失敗のあと、リディアはシエラとともに「誰が邪魔をしたのか」「なぜ計画が狂ったのか」を徹底的に分析した。もしかしたら単なる偶然かもしれない――ただし、妙に胸に刺さる“不自然な偶然”が多すぎる。特に、毒を盛ろうとしたタイミングでカトリーヌがシャーロッテとワインを取り違えるような動きを見せたり、レオンハルトを別方向へ誘導するはずが逆に場を混乱させたり……。いくつも事例を上げれば、どうしてもカトリーヌの行動が引っかかる。
「……リディア様、やはりカトリーヌ様の存在が怪しいと思われませんか?」
廊下の片隅で、シエラがいつものように控えめな声で問いかける。周囲にはほとんど人影はなく、念のため周囲を見回してから口を開いた。
「私だって、今はそう思い始めてるわ。でも……カトリーヌは昔からの友人なのよ。裏切る理由があるの?」
「理由は分かりません。ただ、少なくとも夜会でのあの妙な動きは偶然とは思えない。リディア様が毒を仕掛けようとしていた瞬間に、あの方がうまく取り繕うように割り込んでいました」
「…………」
リディアは目を伏せ、唇を噛む。思い出すと苛立ちが募る。
確かにカトリーヌは、表向きは“友人”としてリディアの暗殺計画を手伝うと言っていた。しかし結果は無関係の令嬢が倒れて騒ぎになるだけで、あの男と女――レオンハルトとシャーロッテ――にはかすり傷ひとつ与えられなかったのだ。
「シエラ、もしカトリーヌが本当に私を裏切っているなら……どうしたらいい?」
「……リディア様のお考え次第です。邪魔になるなら排除すべきでしょうし、利用できるなら利用し続ければいい。でも、わたくしとしては危険人物だとしか思えません」
「そう、よね」
“友人を殺す”という選択肢が脳裏をかすめるが、リディアはまだ即断できない。幼い頃からの付き合いもあり、一度は心を許した仲だ。それを簡単に捨てることなど、本来ならば考えられない。
けれども、この狂った世界では“多少”おかしな結末になっても不思議ではない――そう思うと、リディアの胸は重苦しく痛む。

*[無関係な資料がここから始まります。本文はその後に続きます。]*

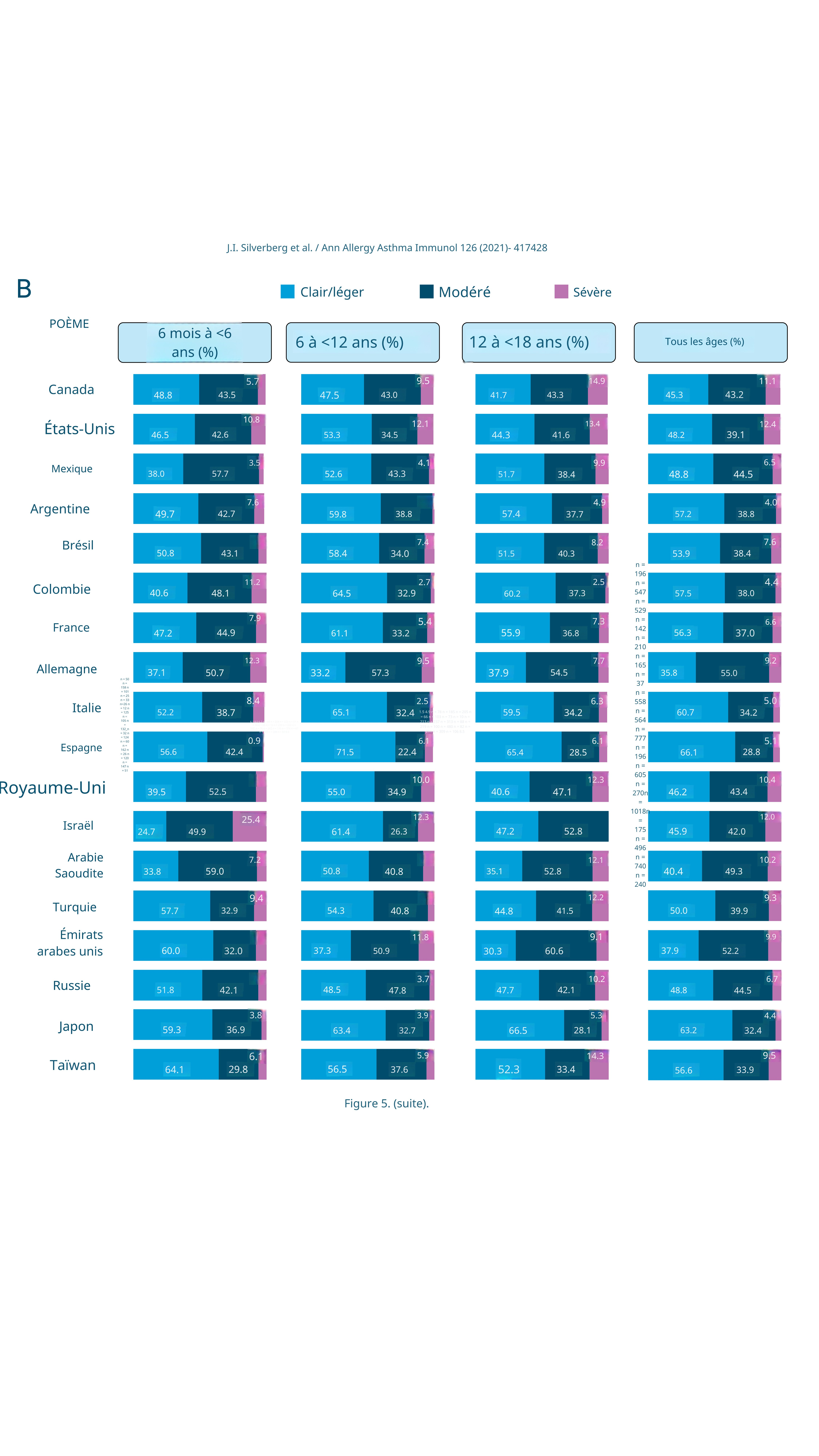 La figure 5 présente la distribution de la gravité de la DAD évaluée à l'aide de l'échelle PtGA (figure 5A) et de l'échelle POEM (figure 5B). Parmi les sujets atteints de DAD, la proportion de formes sévères était faible dans tous les groupes d'âge et globalement dans tous les pays, quelle que soit la mesure de gravité utilisée. La proportion de DAD sévères variait de 0,9 % à 14,9 %, sauf en Israël, où elle était d'environ 25 % chez les jeunes enfants, quelle que soit la mesure utilisée, et de 25,2 % chez les adolescents selon l'échelle PtGA. Cependant, la taille des échantillons pour ces groupes d'âge était réduite en raison de la faible prévalence globale de la DAD en Israël. En considérant les groupes d'âge combinés, la D-AD légère variait de 43,4 % (Israël) à 72,3 % (Afrique du Sud et Japon) sur le PtGA et de 35,8 % (Allemagne) à 66,1 % (Espagne) sur le POEM, avec des plages de AD modérée allant de 24,0 % (Afrique du Sud) à 47,5 % (Russie) et de 28,8 % (Espagne) à 55,0 % (Allemagne) sur les 2 échelles, respectivement (Fig. 5).
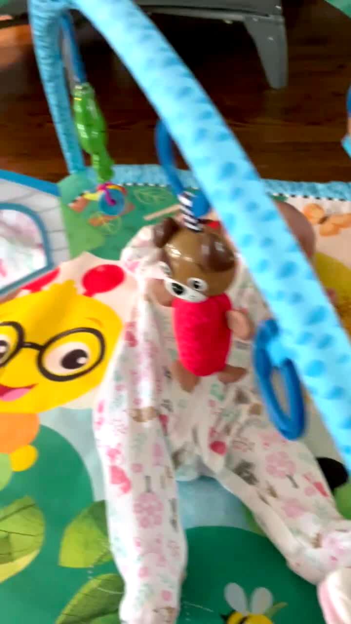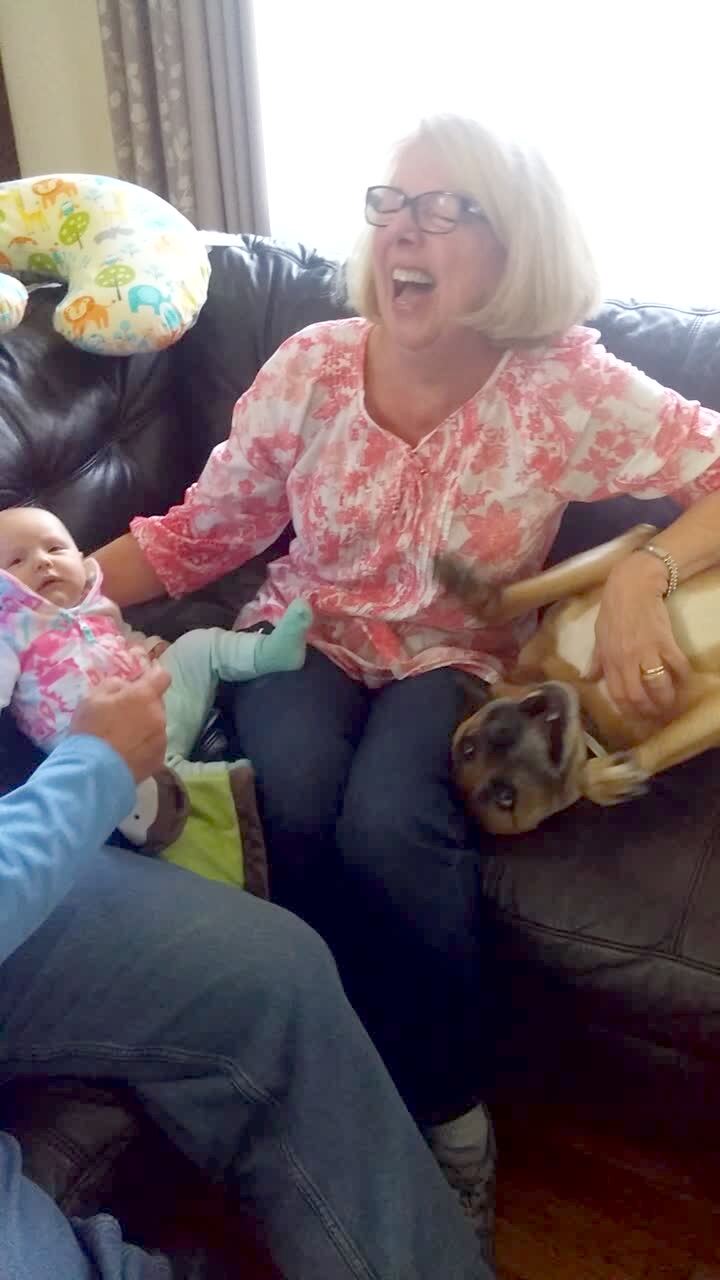 "Possessive Pooch Prevents Pickup" A woman sits on a couch and tries to pick up a baby, but a dog lying on its back next to the woman grabs on to her arm and won't get her.
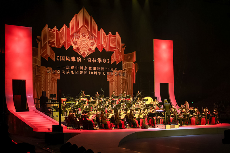 人民网北京12月16日电 (记者尹星云)日前,《国风雅韵·奇技华章》中国杂技团建团75周年暨北京民族乐团成立10周年大型文艺演出在首钢冰球馆上演。本次演出由北京演艺集团主办。
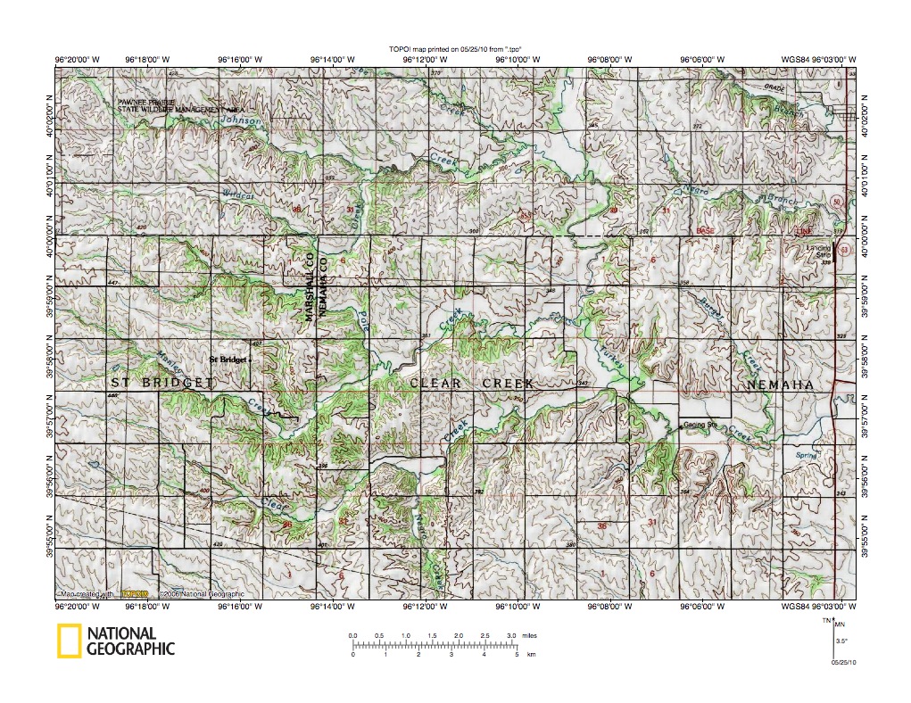 Figure 8: Detailed map of South Fork Big Nemaha River-Vermillion Creek drainage divide area. United States Geological Survey map digitally presented using National Geographic Society TOPO software.
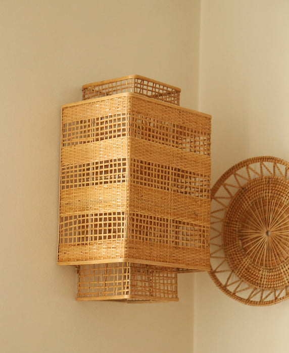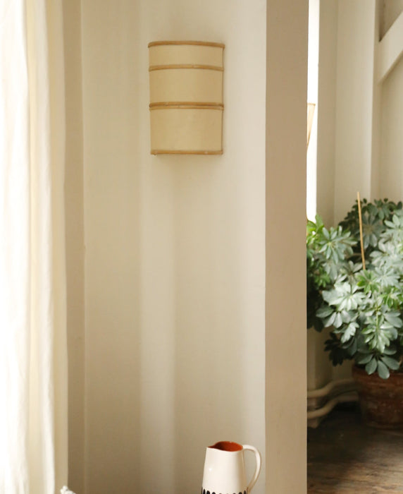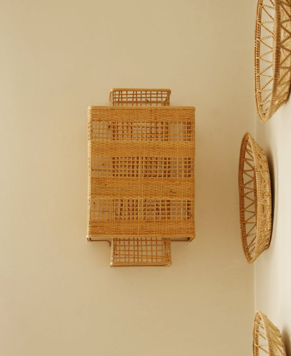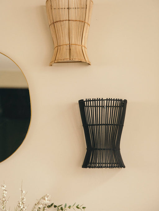 The Ion wall lights diffuse light and catch the eye. With their superb rattan weave, they adorn a wall on their own, whether they are switched off or on. The rattan rods that compose them are first cut with precision, so that they adopt the desired size, then applied and woven into the iron structure. This allows for this unique openwork weave rendering that punctuates the light according to a unique play of stripes.
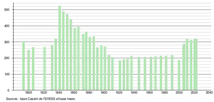 L'évolution du nombre d'habitants est connue à travers les recensements de la population effectués dans la commune depuis 1793. Pour les communes de moins de 10 000 habitants, une enquête de recensement portant sur toute la population est réalisée tous les cinq ans, les populations de référence des années intermédiaires étant quant à elles estimées par interpolation ou extrapolation[27]. Pour la commune, le premier recensement exhaustif entrant dans le cadre du nouveau dispositif a été réalisé en 2005[28].
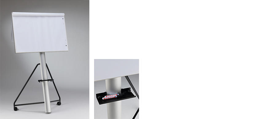Mit dem MindChart haben wir das alte Flipchart neu erfunden. Eine kurvengesteuerte Drehmechanik erlaubt das Arbeiten in Hoch- und Querformat bei gleichbleibender Höhe. Zusätzlich ist eine Gasdruckfeder zur Gesamthöhenverstellung integriert und eine Magnet-Kugelstifttechnik zur Papierhalterung.
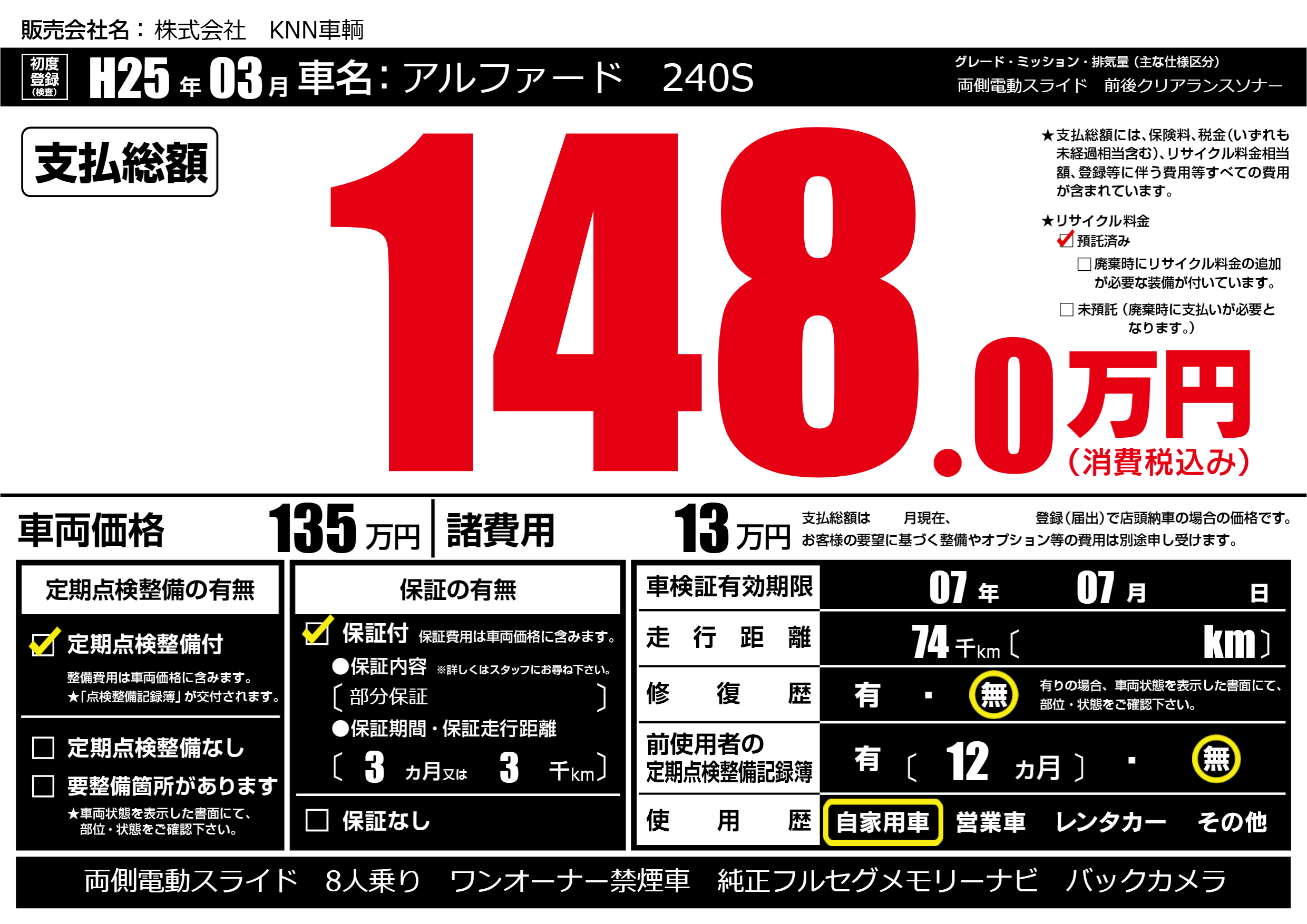 | 走行キロ | 7.4万km | 初年度登録 | H25年03月 |

「とりあえず、あの子のことを詳しく探って。何か裏があるなら、早めにつかんでおきたいわ」
「かしこまりました。ここ数日の動向を確認し、カトリーヌ様が何をしているかを報告いたします」
「頼むわ、シエラ。私の目が節穴だったのかもしれない……」
そうつぶやくリディアの声には苛立ちと戸惑いが混ざっていた。もはや、親友を簡単に信じられない自分自身にも腹が立ち、暗澹たる気持ちを抑えきれないのだ。
◇ ◇ ◇
同じ頃、カトリーヌ・フォン・エイヴァリンは別の場所にいた。王都の外れ、貴族が所有する小さな離れの屋敷。その一室で、レオンハルト・フォン・シュタインヘルツと向かい合っている。
レオンハルトはソファに足を組み、カトリーヌを見下すような視線を向けていたが、彼女はまるで意に介さず、にこやかな笑みを浮かべる。
「わざわざお呼び出しありがとう、レオンハルト様。私もお話ししたいことがありましたの」
「そっちから話したいことがあるって聞いてたけどな。……ところで、あの夜会の騒ぎ、面白かったじゃないか。毒殺未遂だって? まさか伯爵家のやつらがやったんだろう」
レオンハルトは愉快そうに鼻を鳴らす。表向きは被害者の立場だが、下手に証拠をつかませないよう護衛を増やしていて正解だったと内心でほくそ笑んでいる。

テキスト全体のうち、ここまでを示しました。